De dieren kunnen nog minder goed tegen warmte dan wetenschappers lange tijd dachten. Bij twintig graden zouden ze last krijgen van hittestress, was de consensus. Maar Scheurwater liet zien dat dat voor de Nederlandse koeien al te warm is. Aanpassing van het gedrag begint bij twaalf graden. Ze liggen minder en staan meer, een teken dat ze proberen hun warmte kwijt te raken. „Met de opwarming van de aarde wordt hittestress bij dieren een groter probleem. Minder gelukkige koeien betekent ook minder melk. Voor melkveehouders is het dus belangrijk om te zorgen dat hun koeien het niet te warm krijgen.”

Van de gesprekken die Scheurwater tijdens haar onderzoek voerde met melkveehouders viel haar nog iets op: zij worstelen met het zogenoemde ‘hergroeperen’ van hun dieren. Voordat drachtige koeien bevallen, worden ze gescheiden van de groep melkgevende koeien. Later worden ze weer teruggeplaatst. De ene melkveehouder doet dat per losse koe, de ander per duo of drietal, maar hoe dan ook levert dat schuiven onrust op binnen de groep. „We wisten uit onderzoek al dat dat geldt voor de koe die toegevoegd wordt”, zegt Scheurwater, „maar ik laat zien dat de groep daar ook onder lijdt. De melkproductie van de hele groep neemt bijvoorbeeld af.”

De sensor was ‘helemaal niet geschikt’

In haar oorspronkelijke plan zou Scheurwater aan de slag gaan met een nieuwe, geavanceerde inwendige koeiensensor. Maar toen ze de sensor voor de zekerheid eerst maar in een bakje met vloeistof uit de koeienmaag legde, bleek het apparaatje hier niet tegen bestand.

Even leek het hele promotietraject in het water te vallen. „Toen ben ik mijn onderzoek maar gaan doen met bestaande sensoren om de hals en poten. En in de tussentijd is een bevriende elektrotechnicus zelf een slimme sensor gaan bouwen. Dat is uiteindelijk gelukt.” De koe kan de cilindervormige capsule van ongeveer tien centimeter inslikken, waarna die continu de druk en de temperatuur in de netmaag meet. „Hopelijk kunnen boeren het in de toekomst ook gebruiken.”

Scheurwater leeft zichtbaar op zodra ze over data en metingen begint. Ze is niet de doorsnee dierenarts die al van jongs af aan met huisdieren of paarden wilde werken. Ze runt weliswaar haar eigen mobiele paardenkliniek, maar in haar schuilt ook een wiskundige. Daarom besloot ze na diergeneeskunde te beginnen aan de studie technische wiskunde in Delft. „Mijn droom is altijd geweest om die twee vakgebieden te combineren.”
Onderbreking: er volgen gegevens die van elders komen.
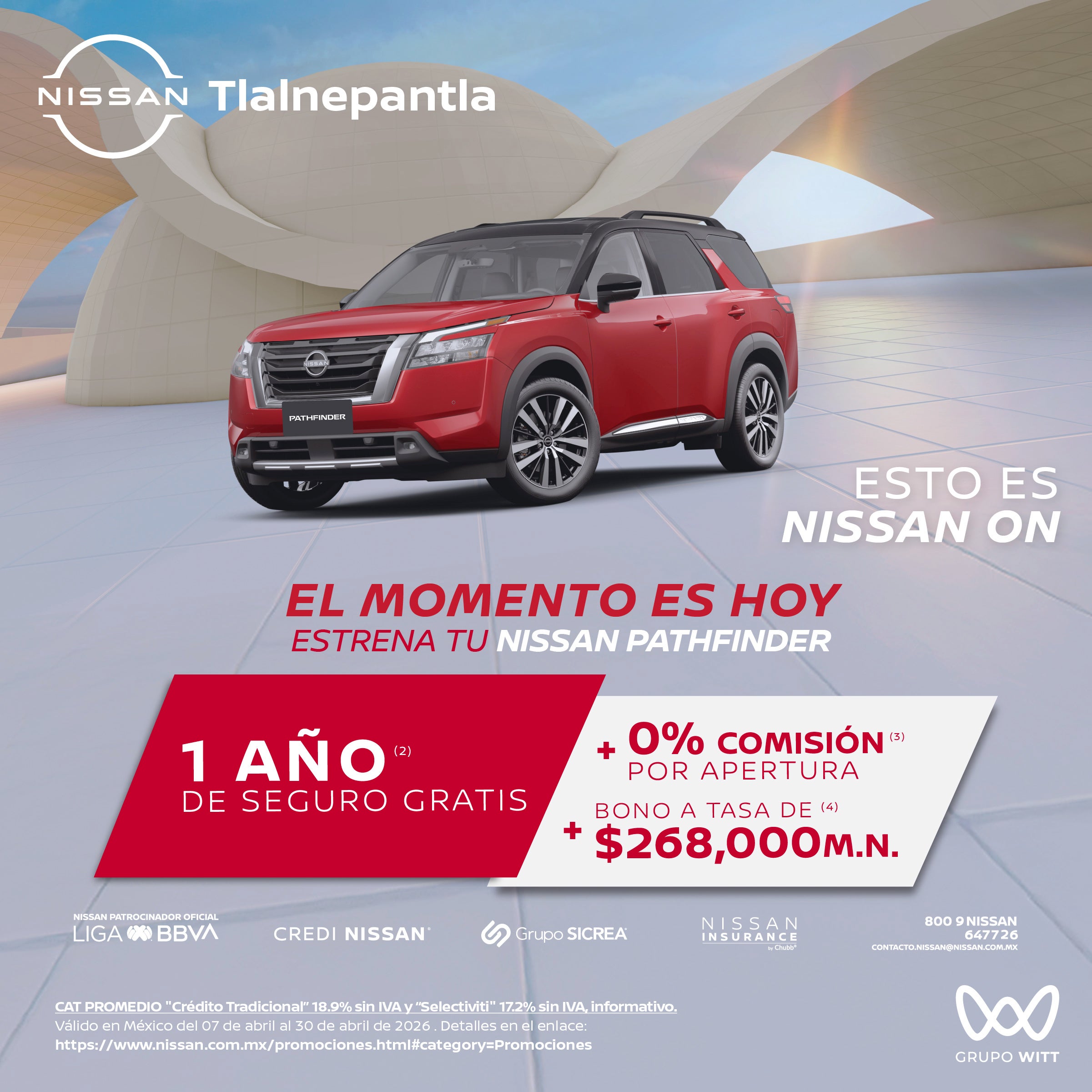 CAT PROMEDIO "Crédito Tradicional" 18.9% sin IVA y "Selectiviti" 17.2% sin IVA, informativo. Válido en México del 07 de abril al 30 de abril de 2026 . Detalles en el enlace: https://www.nissan.com.mx/promociones.html#category=Promociones

Haar onderzoeksresultaten had ze ook prima in een Excelbestandje kunnen maken. „Maar ik heb het aangegrepen om mezelf zoveel mogelijk uit te dagen.” Scheurwater leerde de programmeertalen R en Python, bouwde zelf databases, algoritmes en experimenteerde met machine learning, in de hoop zo patronen in haar data te ontdekken die ze met het blote oog niet kon zien. „Daarom vind ik koeien zoveel boeiender om te onderzoeken dan paarden: ze worden in grotere groepen gehouden. Dat betekent kengetallen, cijfers, statistiek!”

Blij met een uitstapje naar de koeien

Hoewel ze dag en nacht met paarden werkt, was ze blij in dit onderzoek een uitstapje naar de koeien te maken. „In de koeienstal voel ik me thuis. Paarden zijn snel onrustig, maar koeien zijn relaxte beesten.”

Vier dagen per week deed Scheurwater promotieonderzoek, naast haar baan als dierenarts en als moeder van een jong gezin waarvan de vader ook een eigen dierenkliniek runt. Jaren stapte ze om zes uur ’s ochtends – voor de files uit – in de auto voor haar onderzoek. Om twee uur ’s middags begon haar ronde als dierenarts, tot in de avond. Midden in de nacht haar bed uit voor een ziek paard of een bevalling? Ze draait er haar hand niet voor om.

Scheurwater promoveerde op een razend populair onderwerp, merkte ze vlak nadat de faculteit een persbericht uitstuurde over haar promotieonderzoek. Agrarische vakbladen, dagkranten, radiostations en tv-zenders hingen aan de telefoon. Een week lang ruimde ze haar agenda leeg om pers te woord te staan, maar dat bleek niet genoeg. Zelfs op de dag dat ze promoveerde, stond de telefoon roodgloeiend.

„Ik zat in de kappersstoel om mijn haar te laten opsteken voor de ceremonie en had Hilversum al een paar keer weggedrukt. Ik had echt geen tijd. Maar ze bléven bellen”, zegt Scheurwater. „Onderweg naar de promotie ben ik maar in mijn auto aan de kant van de weg gaan staan. Even snel tien minuten inbellen voor de radio. Blijkbaar zijn mensen na al het negatieve nieuws over de veestapel toe aan wat positief nieuws over koeien.”